Picture a piece of fruit – a pear.

“What I’ve always said is that women are pears sitting on their bottoms, and men are pears standing on their heads,” Thoren said. “So we’ve got all of our weight down lower and further back, and a guy’s weight is up higher and further forward.”

Women have traditionally been too far back on their skis because those skis were originally designed for men.

“That’s been one of my missions in my life, and it’s been accomplished,” Thoren said. “One of the things about women’s skis are the bindings are mounted further forward.”

Passing the torch

After selling Jeannie Thoren’s Women’s Ski Center to Outdoor Divas earlier in the spring, Thoren and her husband, Tom Haas, moved to Minnesota to spend the rest of their retirement years. Haas – a former world-class cross-country skier and winner of the American Birkebeiner race – has been sick and was on oxygen 24 hours a day in the Rocky Mountains.

“We can’t be at altitude anymore,” Thoren said. “The only reason we retired is that Vail is at 8,000 feet.”

But that doesn’t mean Thoren is done with skiing.

“I still think about it all, and I will definitely ski the rest of my life, that’s for sure,” she said.

And Thoren is not done helping the ski industry. She’s still curious. And she’d like to participate in academic studies that explore the differences between men and women as they relate to skiing and equipment.

“One thing that doesn’t change is women’s builds,” she said. “You can change skis, you can change boots, you can change poles, you can change the hill that they’re on, but you can’t change a woman’s anatomical shape.”

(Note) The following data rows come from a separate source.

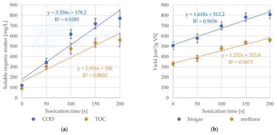 Correlation analysis: (a) concentrations of organic compounds in the dissolved phase depending on sonication time; and (b) biogas and methane production yield depending on sonication time.
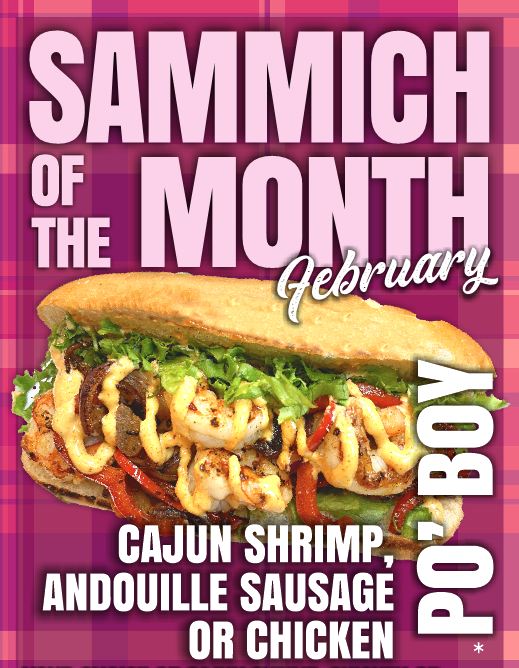 The sammich of the month at Creek Bottom Brewing & Distillery for February 2025 is the The Shrimp, Chicken or Andouille Po’ Boy ! Enjoy this Po’ Boy w/ your choice of Cajun shrimp, Cajun chicken or andouille sausage that’s topped with grilled red peppers & onions, lettuce, tomato then finished with house-made remoulade sauce & served on a toasted hoagie roll.
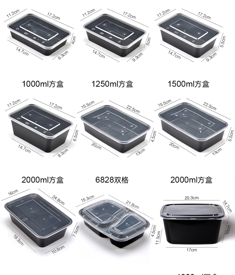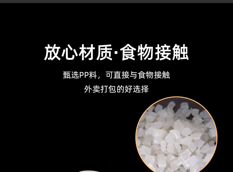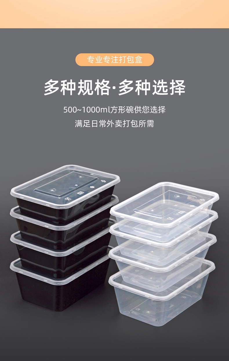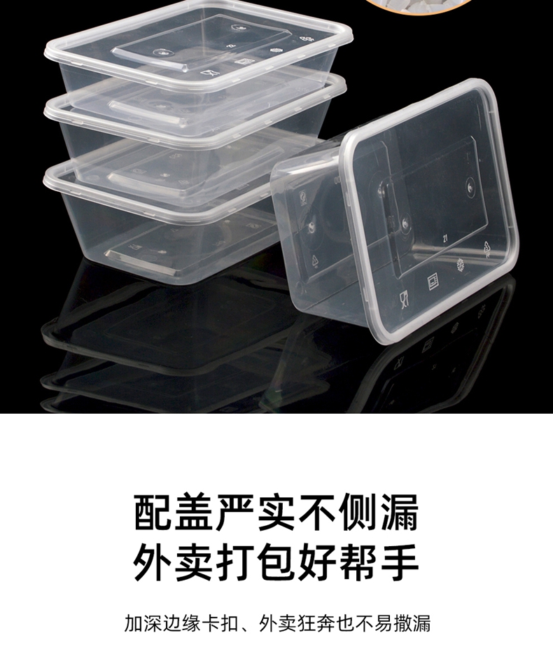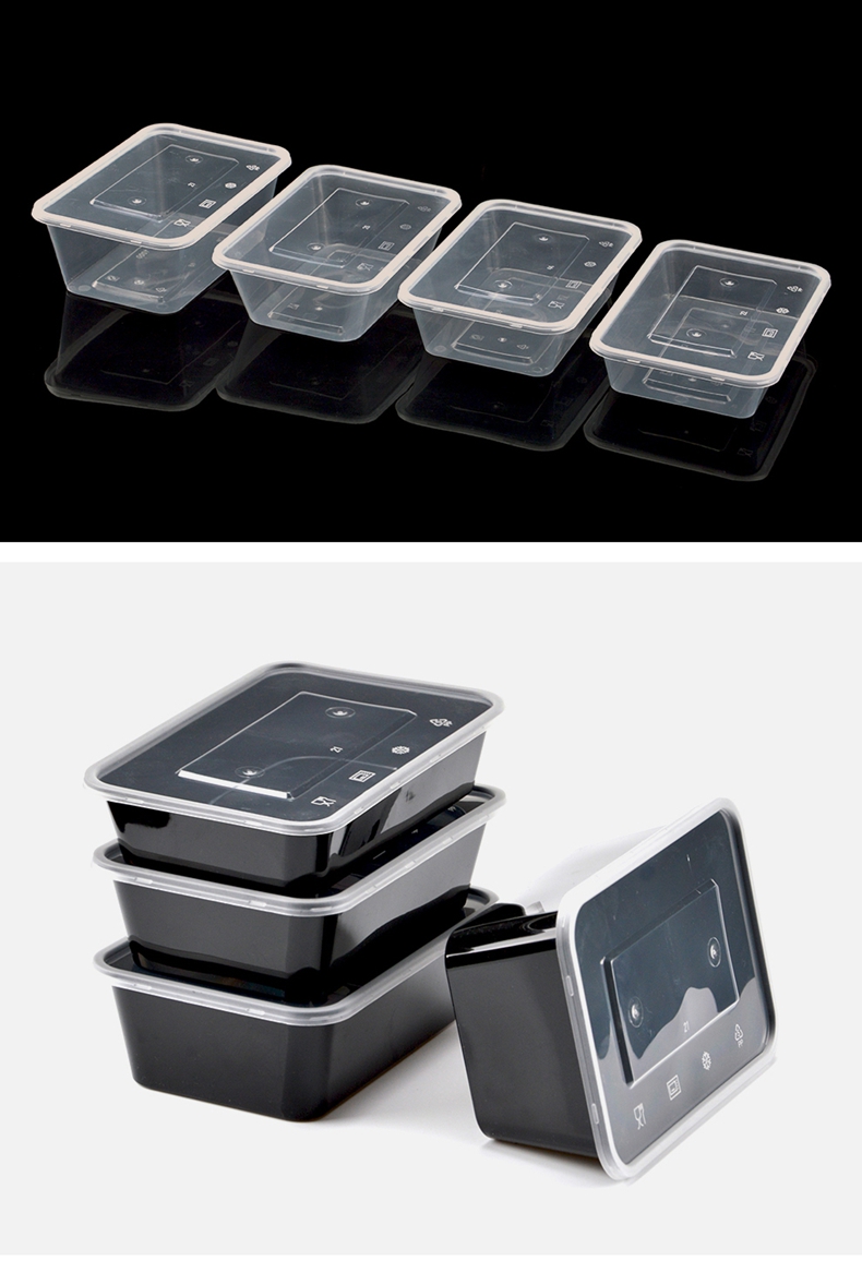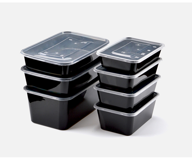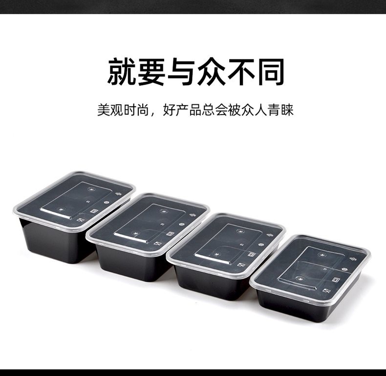 喇叭花打包盒一次性圆形塑料餐盒外卖碗黑色饭盒餐盒带盖50套

It’s because of this one constant – the female form – that Thoren sees herself as the first, not the last, ski instructor traveling around the U.S. teaching women the Thoren Theory.

“It’s something that’s really necessary right now in this day and age for somebody to go around and do the same thing that I did because that was old equipment,” she said. “There are so many choices now. It’s like, what do you buy to ski at Whiteface? What should the width of your ski be? Eastern skis are definitely different than western skis.”

It’s time to pass the torch to a new generation of women skiers.

“The world is their oyster,” Thoren said. “I kind of plowed through and kind of kept on not backing down. … There’s only upwards to go. There are girls out there who want to do something in sports, and they don’t have to go through what I did to get as recognized. Now they can take the ball and run with it. … This is just the very, very beginning.”